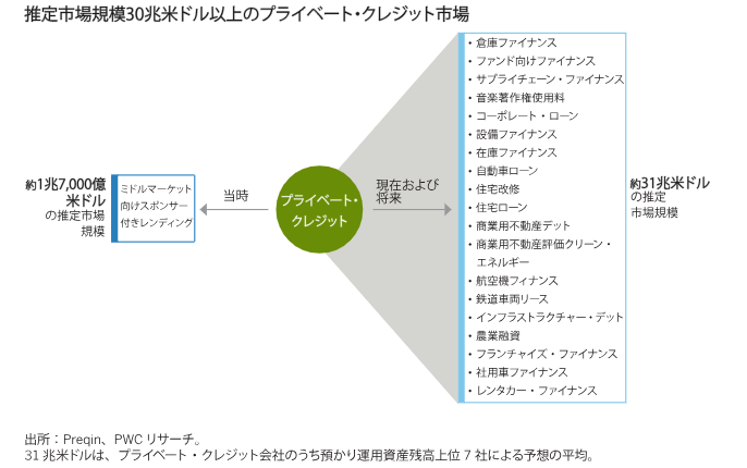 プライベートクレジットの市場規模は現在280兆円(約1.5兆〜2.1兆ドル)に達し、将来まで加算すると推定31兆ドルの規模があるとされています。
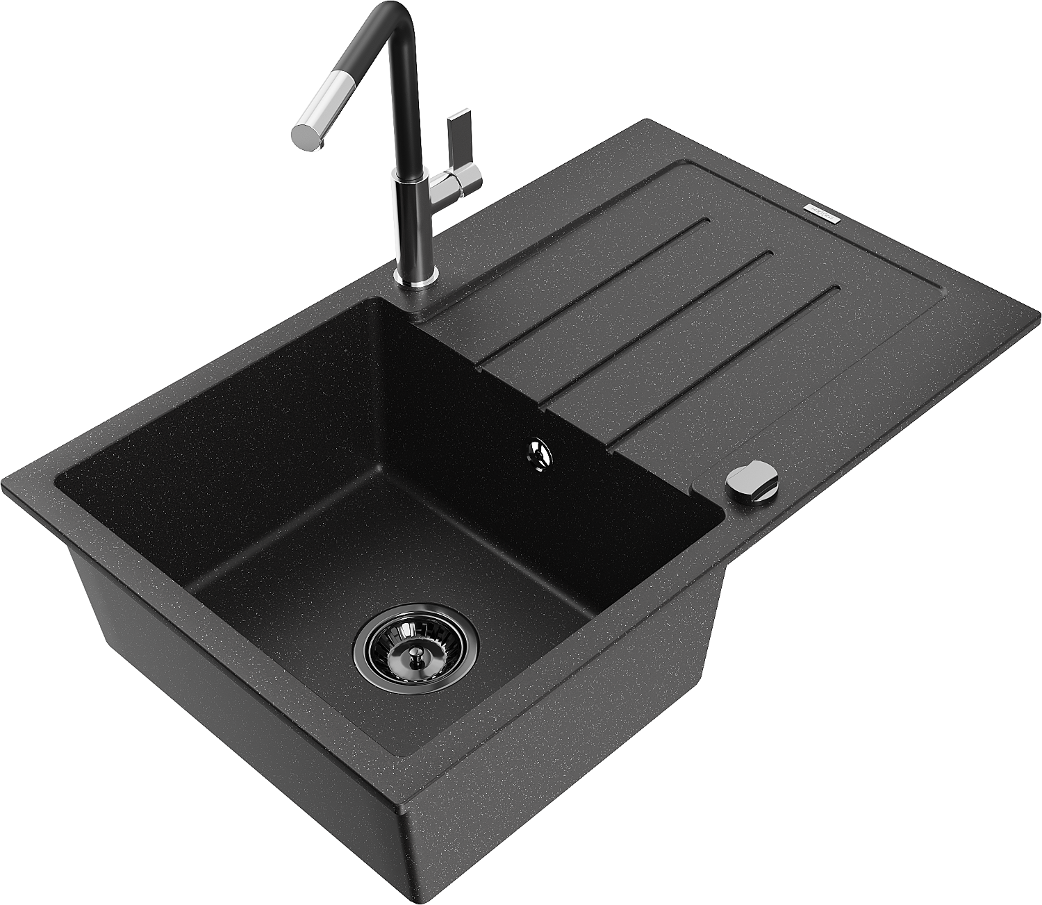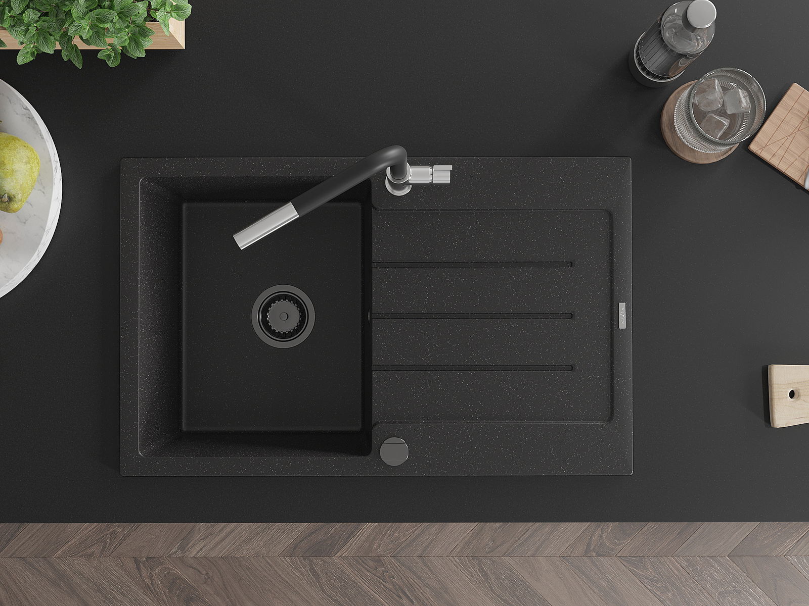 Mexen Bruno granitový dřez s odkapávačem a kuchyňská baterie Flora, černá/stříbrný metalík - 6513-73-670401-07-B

==

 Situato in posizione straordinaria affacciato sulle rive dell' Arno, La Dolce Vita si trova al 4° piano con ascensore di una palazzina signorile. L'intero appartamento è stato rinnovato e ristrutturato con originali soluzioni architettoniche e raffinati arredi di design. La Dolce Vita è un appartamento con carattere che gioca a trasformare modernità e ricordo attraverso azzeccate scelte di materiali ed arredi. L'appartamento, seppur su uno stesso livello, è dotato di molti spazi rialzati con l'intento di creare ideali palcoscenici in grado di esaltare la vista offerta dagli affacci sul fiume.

---

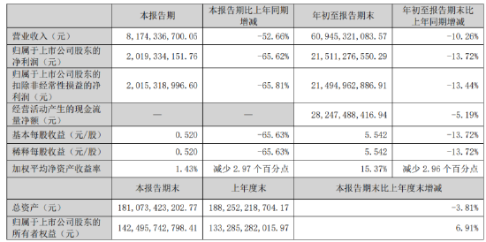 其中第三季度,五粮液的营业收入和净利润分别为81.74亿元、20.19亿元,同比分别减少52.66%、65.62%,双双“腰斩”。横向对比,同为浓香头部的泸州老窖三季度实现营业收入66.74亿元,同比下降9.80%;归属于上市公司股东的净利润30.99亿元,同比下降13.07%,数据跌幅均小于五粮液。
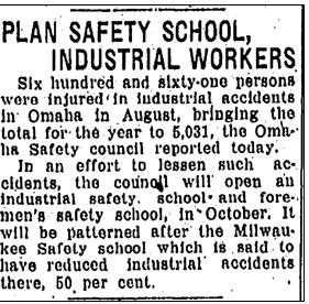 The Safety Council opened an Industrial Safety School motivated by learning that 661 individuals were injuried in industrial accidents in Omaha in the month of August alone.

## Task directions
With pictures omitted, repeat the entries above word for word from the line holding "プライベートクレジットの市場" down to the line holding "Mexen Bruno granitový", keeping both of those lines.

## Answer to this problem
 プライベートクレジットの市場規模は現在280兆円(約1.5兆〜2.1兆ドル)に達し、将来まで加算すると推定31兆ドルの規模があるとされています。
 Mexen Bruno granitový dřez s odkapávačem a kuchyňská baterie Flora, černá/stříbrný metalík - 6513-73-670401-07-B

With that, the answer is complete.